**TASK TO CARRY OUT**: Your output should be exactly the lines from the one containing "Теперь переверни всю" through the final line of the records, both included, with every picture left out.
** DATA FOR THIS EXERCISE follows **
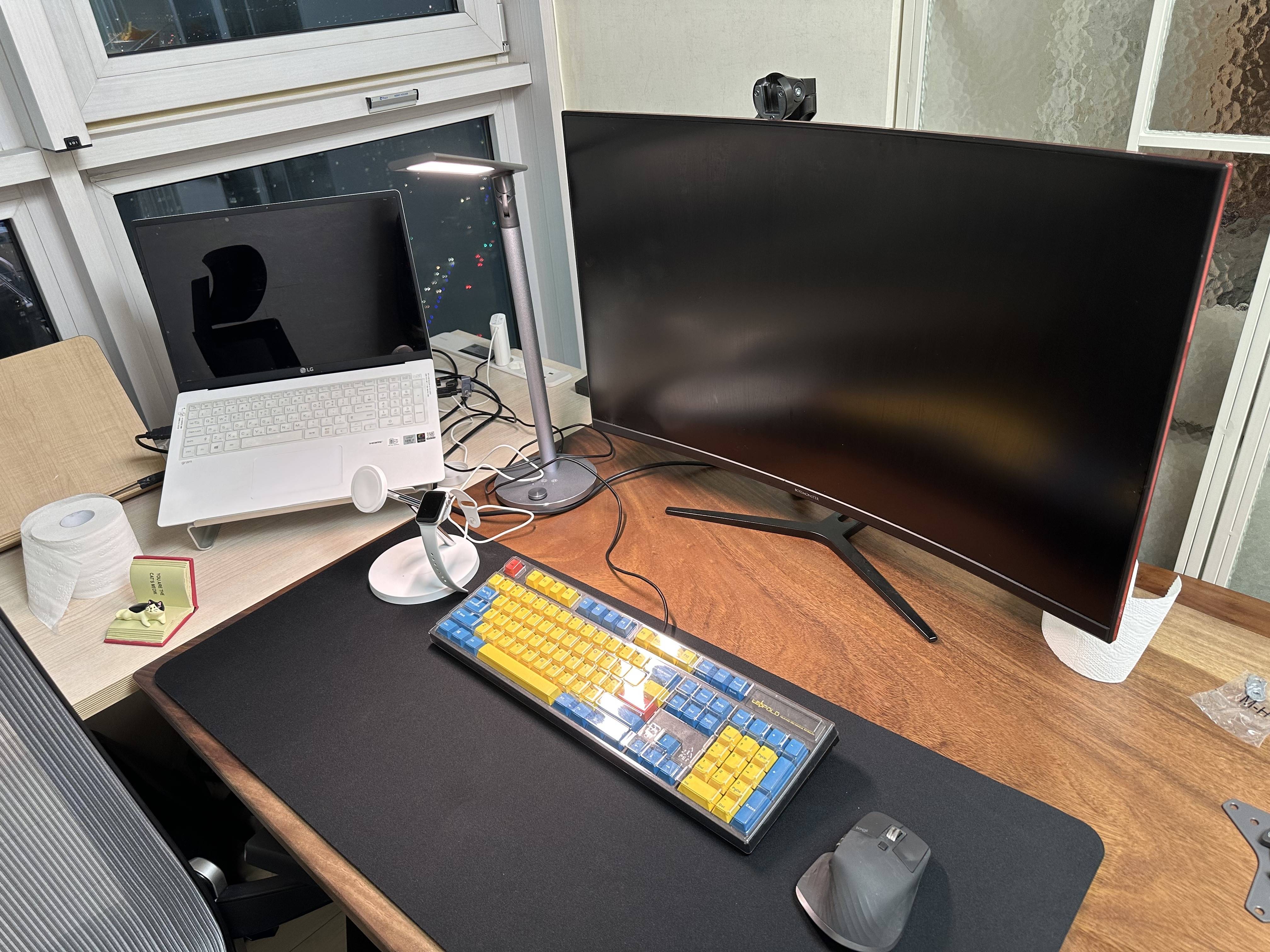 완성 사진입니다! 모니터 하부에 쓸 수 있는 공간이 생겼습니다! 그래서 독서대를 둬봤는데 독서대에 책을 두고 타이핑을 할 수도 있겠네요! 처음 사진과 비교하면 훨씬 깔끔해진 모습입니다ㅎㅎ
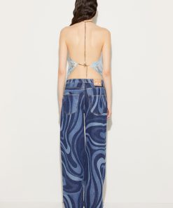 Reimagined from the archives, the marbled Marmo print wraps these straight-leg jeans in swirling waves. They’re presented in a dark and light-blue wash and finished with a signature logo patch at the back.
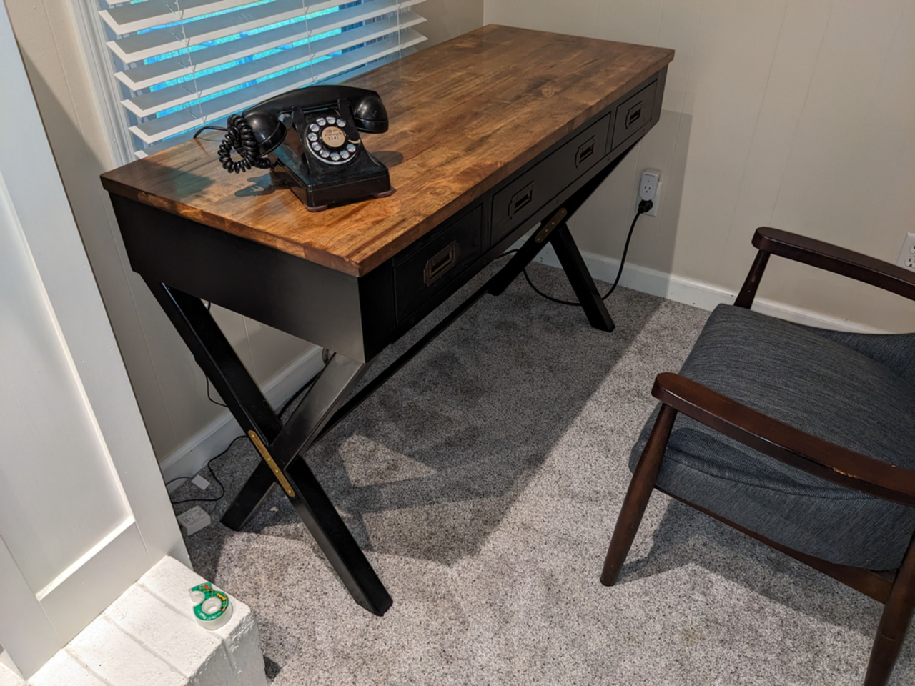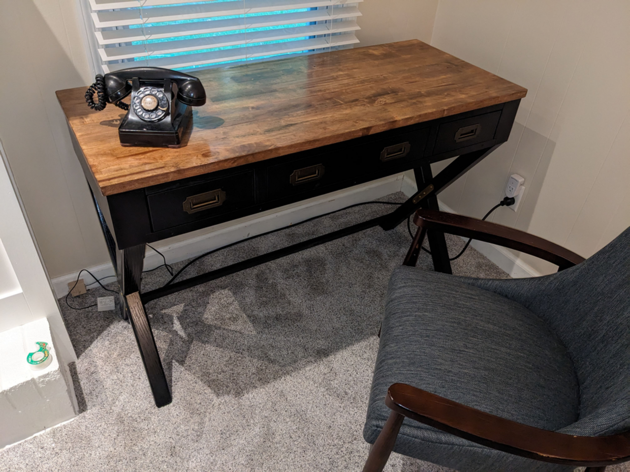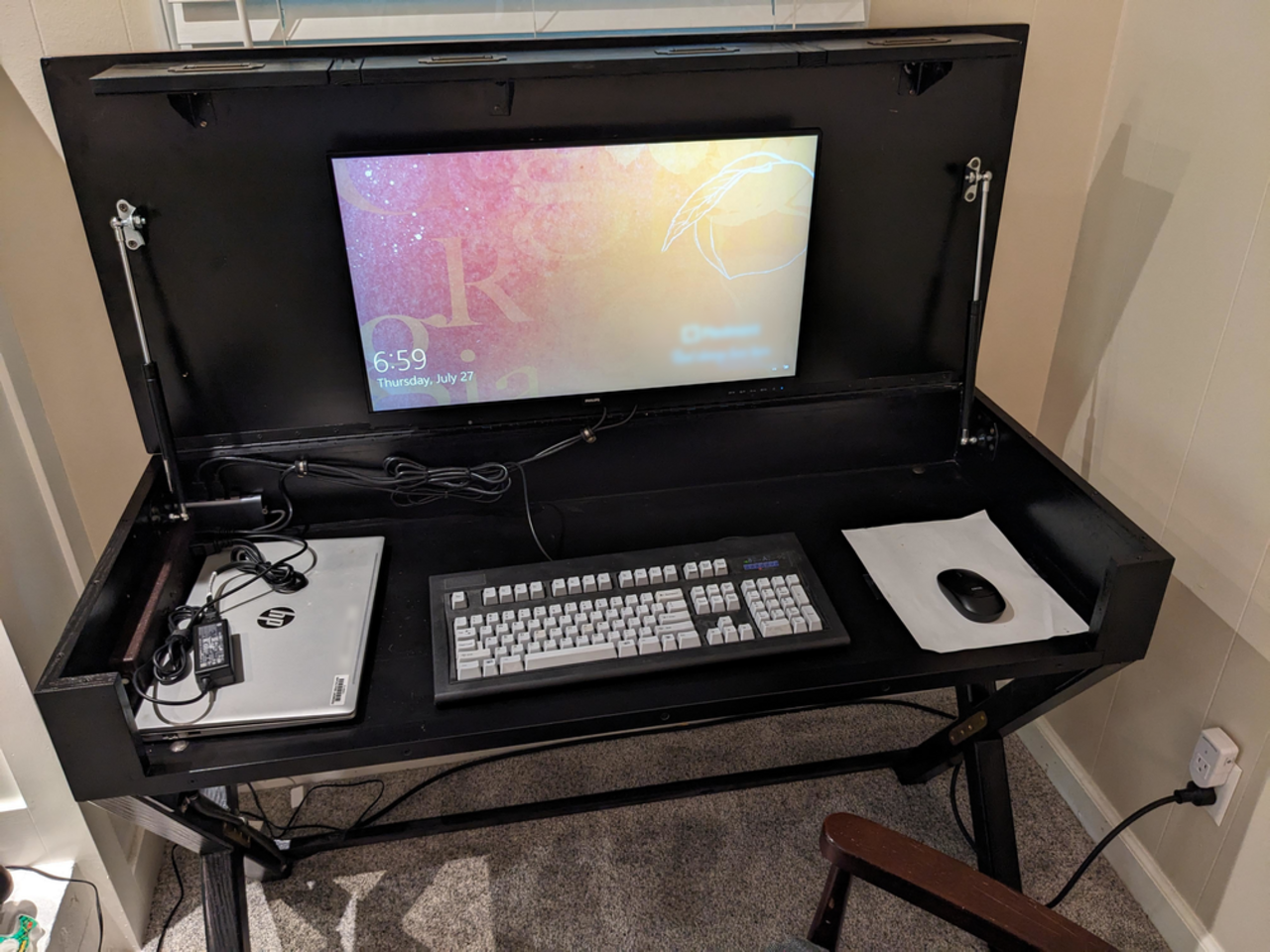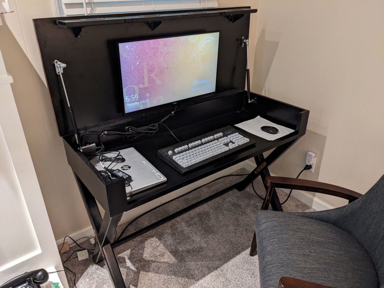 And voila! I'll have a nice computer desk when I need it, and a decent looking piece of furniture when I don't.
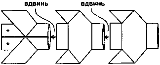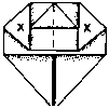 Теперь переверни всю фигуру другой стороной кверху — там тоже квадратик со щелкой посредине. Сделай и с этой стороны все, что ты делал на первой стороне. У тебя теперь фигура из четырех створок. Сложи две створки так, чтобы треугольнички х и х совпали; так же сложи и две другие створки.
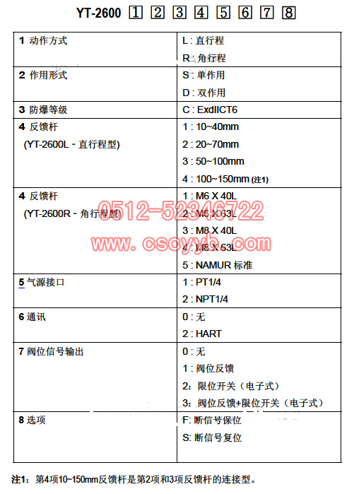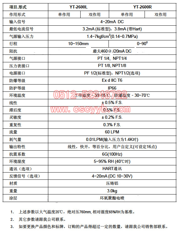 | YT-2600智能閥門定位器 韓國(guó)原裝進(jìn)口YT-2600型智能閥門定位器,是從控制器或控制系統(tǒng)接受4~20mA的電流信號(hào),通過(guò)內(nèi)置的高性能微處理器可精確控制閥門開(kāi)度,并且可進(jìn)行自動(dòng)設(shè)定,PID最佳控制,閥位信號(hào)反饋,HART通訊等強(qiáng)有力功能的新一代主力產(chǎn)品。  主要特征與功能 作為閥門定位器專業(yè)生產(chǎn)廠家,我公司應(yīng)用多年積累的生產(chǎn)經(jīng)驗(yàn)和開(kāi)發(fā)技術(shù),開(kāi)發(fā)生產(chǎn)的YT-2600型智能閥門定位器,不僅考慮了用戶的便利性,也考慮了現(xiàn)場(chǎng)應(yīng)用的穩(wěn)定性,其主要特征與功能如下: 1.當(dāng)斷開(kāi)電流輸入信號(hào)或輸入氣源信號(hào)(低于1.4kgf/cm2)時(shí),可以自動(dòng)鎖住通往執(zhí)行機(jī)構(gòu)的氣路,保持當(dāng)前閥門開(kāi)度。 2.產(chǎn)品外部裝有液晶屏(LCD)和四個(gè)按鈕,因此在現(xiàn)場(chǎng)不用打開(kāi)外殼就可以進(jìn)行自動(dòng)設(shè)定等操作。 3.抗震性能強(qiáng),可適用于絕大部分現(xiàn)場(chǎng)。 4.氣源壓力的變化幾乎不影響產(chǎn)品的正常工作。 5.自動(dòng)設(shè)定方法非常簡(jiǎn)單,初學(xué)者也很容易進(jìn)行設(shè)定。 6.待機(jī)狀態(tài)下耗氣量接近零,對(duì)于大型工廠可節(jié)約運(yùn)行成本。 7.可適用于低電壓(8.5V),因此對(duì)于控制系統(tǒng)幾乎沒(méi)有限制。 8.外部裝有流量調(diào)節(jié)旋鈕,對(duì)于在小型執(zhí)行機(jī)構(gòu)產(chǎn)生的振蕩現(xiàn)象,可以一邊觀看一邊調(diào)節(jié)最佳的輸出流量。 9.通過(guò)HART通訊,可以獲得閥門和定位器的各種情報(bào)。(HART通訊功能是選項(xiàng)) 10.可添加閥位輸出模塊,確認(rèn)閥門的開(kāi)度。(閥位反饋功能是選項(xiàng)) 11.可任意設(shè)定線性,快開(kāi),等百分比等流量特性。 12.用戶可任意設(shè)定16個(gè)點(diǎn)來(lái)實(shí)現(xiàn)特殊的流量特性。 13.強(qiáng)制緊密關(guān)閉的起始點(diǎn)信號(hào)百分比可任意設(shè)定。 14.在現(xiàn)場(chǎng)不用其它外部設(shè)備,通過(guò)簡(jiǎn)單操作按鈕即可調(diào)整PID值。 15. 可進(jìn)行4~12mA,12~20mA的分程控制。 16.通過(guò)手動(dòng)調(diào)整設(shè)定定零位和量程。 17.通過(guò)手動(dòng)運(yùn)行功能,可以任意調(diào)節(jié)閥門開(kāi)度,方便確認(rèn)閥門的正常與否。 18.防爆等級(jí)為ExdIICT6, 并且具有IP66優(yōu)秀的防護(hù)等級(jí)。 19.選用耐腐蝕性能強(qiáng)的環(huán)氧聚酯進(jìn)行電噴處理,因此可在具有腐蝕性的大氣環(huán)境中長(zhǎng)時(shí)間使用。 20.內(nèi)部結(jié)構(gòu)非常簡(jiǎn)單,進(jìn)行了模塊化,減小了故障的幾率,維護(hù)方便。 參數(shù)表
** End of DATA FOR THIS EXERCISE **
**TASK SOLUTION**:
 Теперь переверни всю фигуру другой стороной кверху — там тоже квадратик со щелкой посредине. Сделай и с этой стороны все, что ты делал на первой стороне. У тебя теперь фигура из четырех створок. Сложи две створки так, чтобы треугольнички х и х совпали; так же сложи и две другие створки.
 | YT-2600智能閥門定位器 韓國(guó)原裝進(jìn)口YT-2600型智能閥門定位器,是從控制器或控制系統(tǒng)接受4~20mA的電流信號(hào),通過(guò)內(nèi)置的高性能微處理器可精確控制閥門開(kāi)度,并且可進(jìn)行自動(dòng)設(shè)定,PID最佳控制,閥位信號(hào)反饋,HART通訊等強(qiáng)有力功能的新一代主力產(chǎn)品。  主要特征與功能 作為閥門定位器專業(yè)生產(chǎn)廠家,我公司應(yīng)用多年積累的生產(chǎn)經(jīng)驗(yàn)和開(kāi)發(fā)技術(shù),開(kāi)發(fā)生產(chǎn)的YT-2600型智能閥門定位器,不僅考慮了用戶的便利性,也考慮了現(xiàn)場(chǎng)應(yīng)用的穩(wěn)定性,其主要特征與功能如下: 1.當(dāng)斷開(kāi)電流輸入信號(hào)或輸入氣源信號(hào)(低于1.4kgf/cm2)時(shí),可以自動(dòng)鎖住通往執(zhí)行機(jī)構(gòu)的氣路,保持當(dāng)前閥門開(kāi)度。 2.產(chǎn)品外部裝有液晶屏(LCD)和四個(gè)按鈕,因此在現(xiàn)場(chǎng)不用打開(kāi)外殼就可以進(jìn)行自動(dòng)設(shè)定等操作。 3.抗震性能強(qiáng),可適用于絕大部分現(xiàn)場(chǎng)。 4.氣源壓力的變化幾乎不影響產(chǎn)品的正常工作。 5.自動(dòng)設(shè)定方法非常簡(jiǎn)單,初學(xué)者也很容易進(jìn)行設(shè)定。 6.待機(jī)狀態(tài)下耗氣量接近零,對(duì)于大型工廠可節(jié)約運(yùn)行成本。 7.可適用于低電壓(8.5V),因此對(duì)于控制系統(tǒng)幾乎沒(méi)有限制。 8.外部裝有流量調(diào)節(jié)旋鈕,對(duì)于在小型執(zhí)行機(jī)構(gòu)產(chǎn)生的振蕩現(xiàn)象,可以一邊觀看一邊調(diào)節(jié)最佳的輸出流量。 9.通過(guò)HART通訊,可以獲得閥門和定位器的各種情報(bào)。(HART通訊功能是選項(xiàng)) 10.可添加閥位輸出模塊,確認(rèn)閥門的開(kāi)度。(閥位反饋功能是選項(xiàng)) 11.可任意設(shè)定線性,快開(kāi),等百分比等流量特性。 12.用戶可任意設(shè)定16個(gè)點(diǎn)來(lái)實(shí)現(xiàn)特殊的流量特性。 13.強(qiáng)制緊密關(guān)閉的起始點(diǎn)信號(hào)百分比可任意設(shè)定。 14.在現(xiàn)場(chǎng)不用其它外部設(shè)備,通過(guò)簡(jiǎn)單操作按鈕即可調(diào)整PID值。 15. 可進(jìn)行4~12mA,12~20mA的分程控制。 16.通過(guò)手動(dòng)調(diào)整設(shè)定定零位和量程。 17.通過(guò)手動(dòng)運(yùn)行功能,可以任意調(diào)節(jié)閥門開(kāi)度,方便確認(rèn)閥門的正常與否。 18.防爆等級(jí)為ExdIICT6, 并且具有IP66優(yōu)秀的防護(hù)等級(jí)。 19.選用耐腐蝕性能強(qiáng)的環(huán)氧聚酯進(jìn)行電噴處理,因此可在具有腐蝕性的大氣環(huán)境中長(zhǎng)時(shí)間使用。 20.內(nèi)部結(jié)構(gòu)非常簡(jiǎn)單,進(jìn)行了模塊化,減小了故障的幾率,維護(hù)方便。 參數(shù)表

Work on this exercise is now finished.